In 1940, the Army put together a list of specifications for a new vehicle that could handle rough terrain and challenging weather conditions. 135 automotive companies were invited to try to design the new vehicle - but they had to do it within 49 days. The original specifications were printed in the Quartermaster Corps, on July 7, 1940. The specs required:
- A driving front axle with 2-speed transfer case including provisions for disengaging the front axle drive
- A body of rectangular design with a folding windshield and 3 bucket seats
- Increased engine power
- Means for towing
- 30-caliber machine gun mount
- Blackout lighting
- Oil-bath air cleaner
- Hydraulic brakes
- Full floating axles
- Wheelbase of 80"
- Maximum height of 40"
- Maximum weight of 1275 lbs.
- Approach and departure angles of 45 and 40 degrees, respectively
- Must reach 50 mph on hard surface
- Special bracing for a pintle hook setup
- No aluminum to be used for cylinder head
- At least 4 cylinders
- 8 of the 70 vehicles to be made had to be four-wheel-steer
The Bantam Company delivered its model on September 23, 1940, but it was 730 pounds overweight. Willys Overland provided two versions of its model called "the Quad" on November 11. Ford had their model, "the Pigmy" in by November 23. Both the Willys-Overland and the Ford models incorporated some of the Bantam designs -- which was understandable as they were were each given free access to Bantam's blueprints. The Army liked all three design and ordered 1500 of each. Testing led to modifications on all three, and the final versions were called the Bantam 40 BRC, the Willys MA and the Ford GP (G for Government, P for 80" wheelbase).
In 1941 the War Department narrowed production to one model, the Willys-Overland, because it met the task and was lower priced than the others.

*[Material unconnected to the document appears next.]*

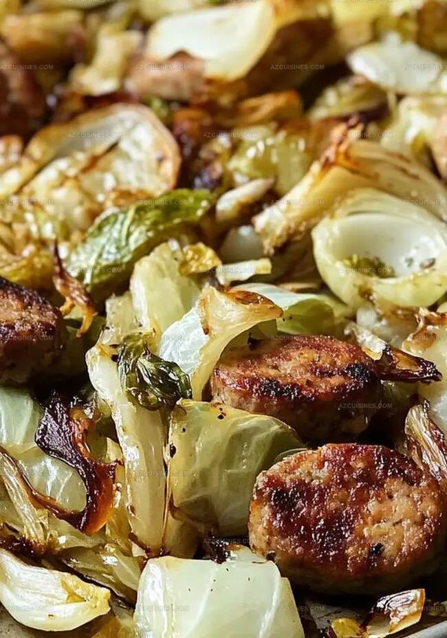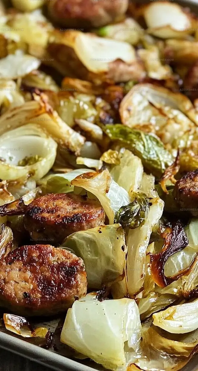 Crispy, golden sheet pan chicken sausage dances alongside tender roasted cabbage, creating a meal that promises pure comfort.

The single model was manufactured by both Wills-Overland and Ford under the name GPW - with the W representing "Willys." Willys-Overland and Ford produced more than 637,000 Jeeps between 1941 and 1945. The basic model was later modified to make military amphibious vehicles, ambulances, tractors, and mail delivery vehicles.
What's a Jeep?
The word "Jeep" was first coined during WWI. Major E.P. Hogan wrote a history of Jeep development for the Army's Quartermaster review in 1941. In it, he explained that the word "Jeep" "is an old Army grease monkey term that dates back to WWI and was used by shop mechanics in referring to any new motor vehicle received for a test." Jeep also likely was derived from the coding GP (G for Government, P for 80" wheelbase).
What About Popeye?
In 1936, the popular comic strip Popeye introduced the word Jeep with its character "Eugene the Jeep." Eugene could say the words "Jeep, Jeep."